- The Washington Times - Thursday, February 20, 2003

PARIS, Feb. 20 (UPI) — French President Jacques Chirac mixed stern warnings for Africa to put its political and economic house in order, with praise for a continent brimming with possibilities, during an address to African leaders Friday.

"You — and we — cannot give legitimacy to the use of violence," Chirac told some 50 African heads of state and representatives meeting at the start of a French-Africa summit in Paris. "We cannot leave provinces to become disinherited. How can we remain indifferent to the grave famine now threatening 40 million Africans?"

"Here too," the French leader, "the answer lies in determined action."
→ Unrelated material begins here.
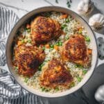 A comforting one-pot chicken and rice recipe featuring tender chicken thighs simmered with aromatic spices, vegetables, and long-grain rice for a hearty and easy meal.

The three-day summit comes as Africa's troubles are marginalized in world events now focusing on a U.S.-European rift, and a possible war on Iraq. And it comes at a time when chunks of Africa are wrought by turmoil, including Ivory Coast, France's former colonial jewel.

Indeed, both Chirac and United Nations Secretary-General Kofi Annan used speeches Thursday to urge Ivorian President Laurent Gbagbo to respect peace accords cinched with rebels in Paris last month.

Gbagbo, who appears to have backtracked on the agreement, was not present at the summit, sending his new prime minister instead.

"We must do our utmost to help Cote D'Ivoire regain the secure path it had known for so many years, and so many decades," Annan said. "I call on all Ivorians, and particularly the country's political leaders and President Gbagbo, to make the agreement they signed last month a concrete first step toward peace."

But Annan praised other countries, including Angola, Burundi, Sierra Leone and the Democratic Republic of Congo, for taking positive steps toward peace.

"That makes it all the more important for the international community to provide strong support for Africa's peacekeeping, and peacemaking initiatives," Annan said.

Helping Africa — racked by endemic poverty and drought, spiraling AIDS, and insufficient schools and health services — is expected to figure among top issues discussed during June's G-8 summit in Evian, France.

Chirac announced Friday Paris was boosting its development assistance 50 percent by 2007, to 0.5 percent of its GNP. That figure would rise to 0.7 percent of domestic income — a target urged by the United Nations — as of 2012, he said.

The French president also praised African countries for creating the new African Union, and launching a continent-wide economic development plan.

"Africa's appeals have won a better hearing in the major world gatherings," he said, notably with a millennium pledge in Monterey, Calif., to boost assistance to Africa.

Chirac has promised to restore African issues to the "heart of French politics," after a decade of gradual disengagement.

The turnabout is best seen in Ivory Coast, where some 3,000 French peacekeepers are present — the largest French military force in any African country in more than two decades.

Yet the French has refused to offer military aid to Gbagbo and several African leaders, arguing their conflicts must be solved internally, or with mediation from other African countries.